開店のいきさつは、向田邦子のエッセイ集「女の人差し指」に収められた「ままや繁盛記」に詳述されている(初出「ミセス」昭和53年11月号) 。
<<おいしくて安くて小奇麗で、女ひとりでも気兼ねなく入れる和食の店はないだろうか。切実にそう思ったのは、三年前からである。仕事が忙しい上に体をこわしたこともあるが、親のうちを出て十五年、ひとりの食事を作るのに飽きてくたびれたのも本音である。
(略)
幸か不幸か、我が家は食いしん坊と同時に、嫁き遅れの血統もあるらしく、末の妹の和子が適齢期を過ぎたのに、苗字も変らずに居る。この妹を抱き込んで、店を出そうと決心した。
妹は、火災保険の会社に勤めるOLであったが退職し、一年ほど前から五反田で「水屋」という小さな喫茶店をやっていた。どうにか常連の客もつき、女ひとり食べてゆくのに不安はなさそうだったが、場所が大通りから離れていることもあって、活気という点では、いまひとつ、面白味がないように思っていた。
赤坂に十五坪の出物があると知らせが入ったのは、この一月末であった。
その前に六本木表通り角の靴屋の地下に、十二坪の居抜きのはなしがあったのだが、これは見送っている。理由は、この道五十年というベテラン不動産屋の、「履物屋の下の食べ物商売というのはねえ」というひと言と、その頃、私の知人の間で起った二件の酒の上の転落事故である。万一の時、寝覚めの悪い思いはしたくない。

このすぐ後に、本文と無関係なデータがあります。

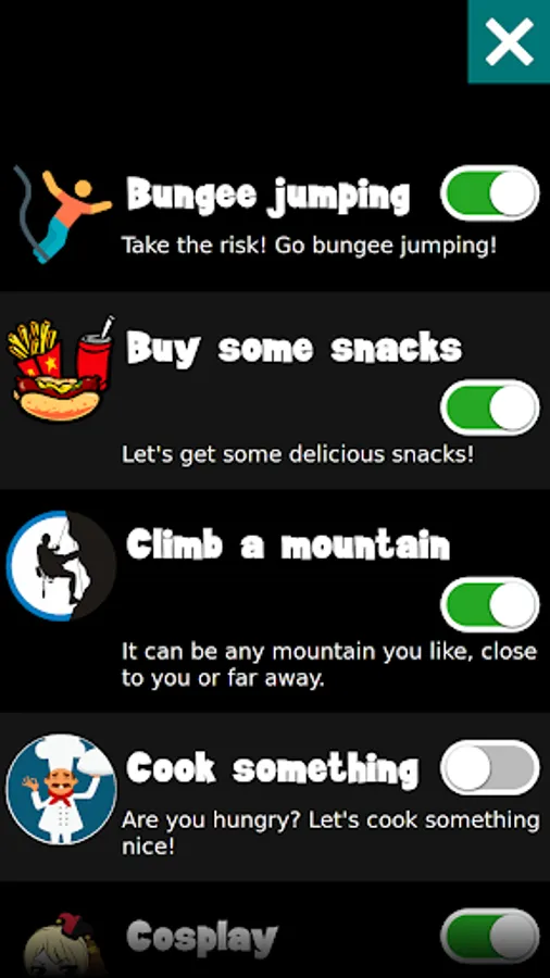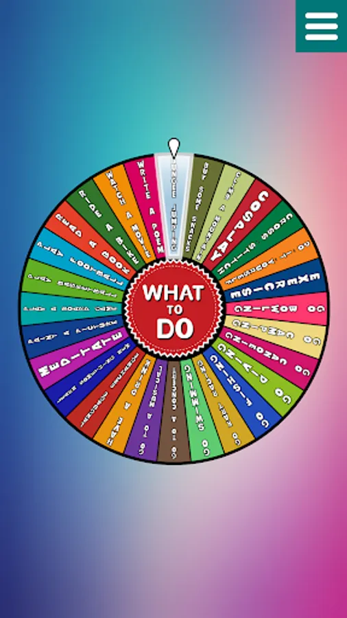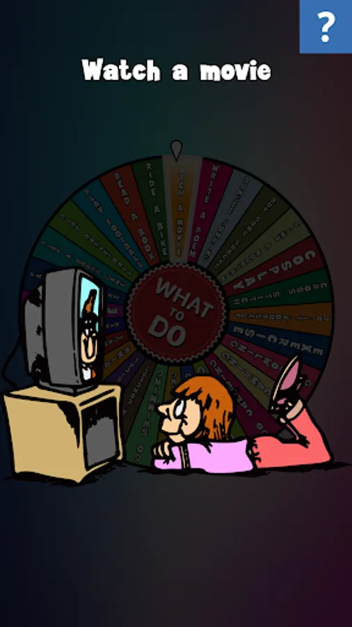"What to Do" will help you find out new activities you could do. There are plenty of funny things to do. It could be ride a bike, go to the cinema or go bungee-jumping! Spin the wheel and find out what to do next!
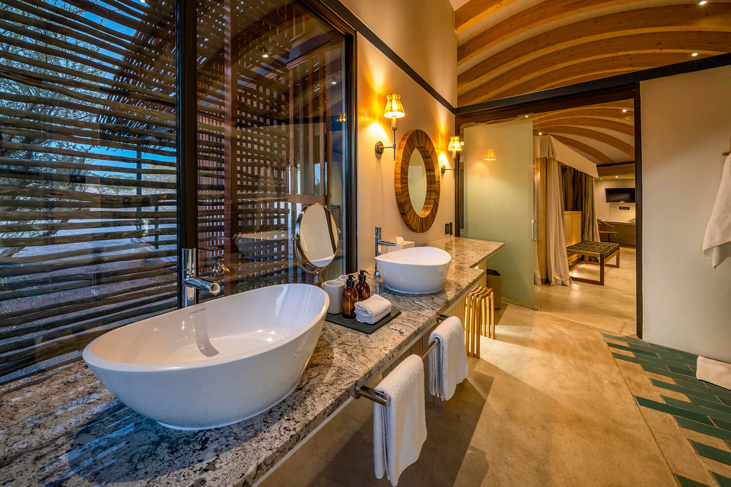 Eleganta Little Ongava ligger på toppen av en bergknalle och har en magisk utsikt över det 30 000 hektar stora Ongava Game Reserve. Reservatet gränsar i norr till den enorma nationalparken Etosha. Den lilla avskilda lodgen är en av Namibias mest exklusiva och består av endast tre sviter. De mycket rymliga sviterna är inredda med naturmaterial i jordnära färger och utrustade med alla bekvämligheter du kan önska. De spatiösa badrummen är begåvade med badkar från vilken du har en magisk utsikt. Alla sviter har dessutom inne- liksom utedusch, privat pool, egen terrass som mynnar ut i en fantastisk utsikt över vattenhålet. Samma förtrollande utsikt har du från restaurangen där välsmakande måltider serveras under den klara stjärnhimlen. Till vattenhålet framför campen kommer ofta både den vita och svarta noshörningen för att dricka. Förutom safari på morgon och kväll erbjuder Little Ongava även nattsafari. Little Ongava är perfekt för smekmånadsresenärer—mycket mer privat och romantiskt blir det inte!
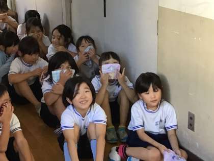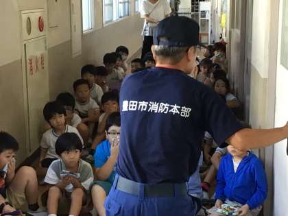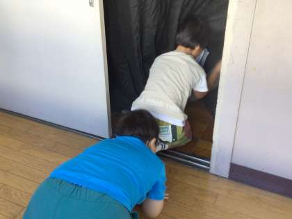 「煙が充満している部屋を通る際は、身体をかがめて、床や壁を手で触りながら進みましょう」消防署の方の説明を受けて、図工室に入っていく特別支援学級、2年2組のみんなです。
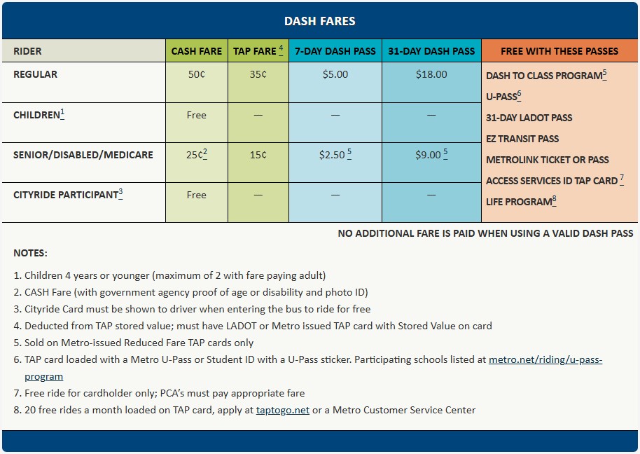 Updated January 10: LADOT Transit announced that resumption of DASH fares scheduled to begin January 11, 2025 has been postponed until further notice due to the emergency situation caused by the wildfires. Information at DASH alerts.
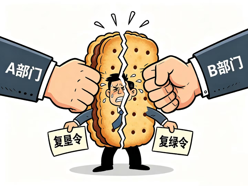 近日,据《半月谈》报道,基层治理中出现刚复垦又被要求复绿,按照一个部门规划建好的产业园却被另一部门指责“占用河道”的政策冲突现象,上级部门各吹各号、各定各调,让基层干部沦为“夹心饼干”,左右为难、身心俱疲,既造成资源浪费,也消解治理公信。

その点、赤坂は一階である。場所も広さも申し分なかったが、その代り権利金もいいお値段であった。これだけで、予算をオーバーしている。しかし−「店は場所である」。ローンを払い終った私のマンションを抵当に銀行融資の詰もまとまったことだし、思い切ってここで勝負してみようということになった。三月一日大安吉日を選び正式契約。設計は高島屋設計部。工事は北野建設が引受けて下さった。
(略)
細長いウナギの寝床なので、従業員の更衣室は犠牲になったが、カウンター八席。四人のテーブルが三つ。奥に人数の融通の利くテーブルが二つ。定員二十八だが詰めれば三十二人は入る。従業員は妹と板前さんとあと三人。店の名は「ままや」。社長は妹で私は重役である。資金と口は出すが、手は出さない。黒幕兼ボン引き兼気の向いた時ゆくパートのホステスということにした。開店は予定より一月遅れて五月十一日となった。
おひろめ
蓮根のきんぴらや肉じゃがをおかずにいっぱい飲んで おしまいにひとロライスカレーで
仕上げをするーついでにお惣菜のお土産を持って帰れるーそんな店をつくりました
赤坂日枝神社大鳥居の向い側通りひとつ入った角から二軒目です 店は小造りですが味は
手造り 雰囲気とお値段は極くお手軽になっております ぜひ一度おはこびくださいまし
案内状の文面である。開店当日は、みごとな大雨であった。しかも、開店時刻の午後五時には、暴風雨である。それにしても、客が入らない。本日開店粗品差し上げますの看板は、雨に打たれているとはいえ、入口には、スターさんたちの生花が飾ってあるのに、みな、店内をのぞくだけで通り過ぎてしまう。
(略)
はじめて四カ月。雨の日も風の日もあったが、思いがけずお客がつき、おかげさまで、まだ大の字はつかないまでも、繁昌している。>>
以上、「向田邦子全集第10巻 女の人差し指」文芸春秋2010年より抜粋。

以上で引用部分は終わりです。